In this research, mortality rate was 10 %. So far, in most of the studies, fatal cases of lidocaine toxicity were reported, either accidental or intentional. The considerable point here is that systemic toxicity of lidocaine can be life-threatening. Hence, the rapid evaluation of clinical manifestations is essential to prevent mortality.
In the current study, the mean consumed dosage of lidocaine was 465 ± 318.17 mg/ml. This study was performed retrospectively; therefore, we could not find any evidence of lidocaine assessment in the plasma samples. In general, lidocaine is dose-related, and toxicity may emerge at 8 mg/L or higher serum concentrations.

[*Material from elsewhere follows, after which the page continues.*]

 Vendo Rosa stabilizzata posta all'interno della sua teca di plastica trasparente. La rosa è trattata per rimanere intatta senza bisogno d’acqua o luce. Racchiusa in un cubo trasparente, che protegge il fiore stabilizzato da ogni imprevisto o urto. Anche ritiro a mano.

Researchers revealed that lidocaine toxicity could manifest by using high dosages of this remedy and system hypersensitivity in individuals (21).
In this study, a significant portion of patients were male (60%), and the most frequent age range was 21-30 years. In one CDC survey between 1981-1983, 43,813 out of 51,880 workers with lidocaine toxicity were female (32). Following reviewing all studies on “lidocaine poisoning/intoxication” in PubMed and Google Scholar databases, we found seven parallel studies. Five of the cases occurred in women, three in men and one did not mention. The mean age of the victims was 47.25 years (12, 16, 33-37), which is higher than our results. The difference may be because of accidental poisoning in the elderly.

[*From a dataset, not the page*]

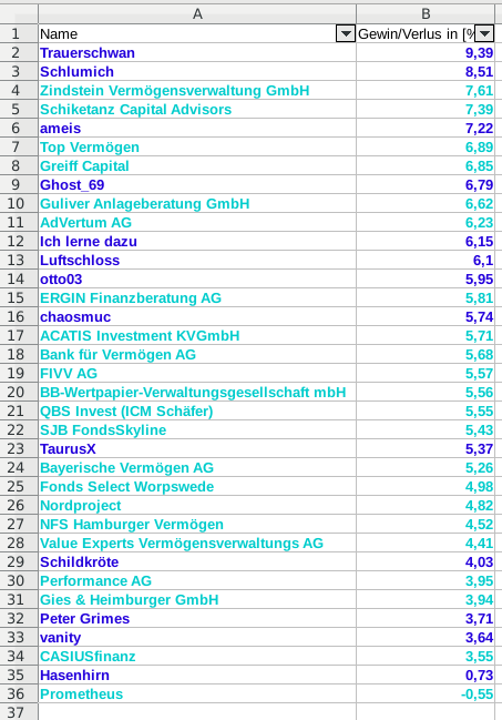ghost_69 Februar 4, 2019 vor 13 Stunden schrieb chaosmuc: ich werde sicher nicht jeden Monat Zeit finden, die Auswertung zu machen. Daher folgender Vorschlag: Wir sind 13 Mitspieler, ghost_69 hat den Thread bereitgestellt, jeder andere Mitspieler darf in einem Monat die Auswertung machen. Was haltet Ihr davon? Die Werte der Profis finden sich unter: https://www.acatis-research.de/portal/DepotListeDMEuro.ap Vielen lieben Dank, das hört sich gut an und im laufe des Jahres übernehme ich sicherlich auch eine. Ghost_69 Diesen Beitrag teilen Link zum Beitrag

This case series illustrated the relatively high suicidal rate in lidocaine poisoning and focuses on the management of such patients. Clinicians need to be aware of the possible toxicity of topical or oral lidocaine and wisely review dosage schedules and discuss potential toxicity with patients in addition to allowing for alternative therapeutic modalities.
Limitations
Since this was a retrospective study, the primary limitation was that the ingested dose of lidocaine was determined by taking a history of the patients and some patients may not have declared the exact dosage. Besides, lidocaine blood level could not be evaluated because we do not have the equipment in Iran. Therefore, serum lidocaine concentrations must be determined in further studies.
Conclusion:
Based on the results of this study, most cases of topical lidocaine toxicity were among < 40 year old patients with a male to female ratio of 1.2, with suicidal attempt in 90%, need for intensive care in 36.6%, and mortality rate of 10%.
Acknowledgments
We would like to express gratitude to the staff of Loghman Hakim Hospital who supported us in conducting this study.
Author contributions:
This paper was based on Dr. Elmi’s thesis. Dr. Rahimi and Dr. Shadnia were the supervisor and advisor professors, respectively. They conceived the presented idea. Dr. Elmi gathered the data and performed the primary statistical analysis. Dr. Soltaninejad and Dr. Forouzanfar revised the primary form of the article. Dr.Hassanian-Moghaddam and Dr. Zamani revised the final version of the study. All authors discussed the results, took part in preparing the final manuscript and agreed upon the concluding version of the document.
Funding/support:
We received no funding or support for this work.
Conflicts of Interest
The authors declare that there is no conflict of interest regarding the publication of this paper.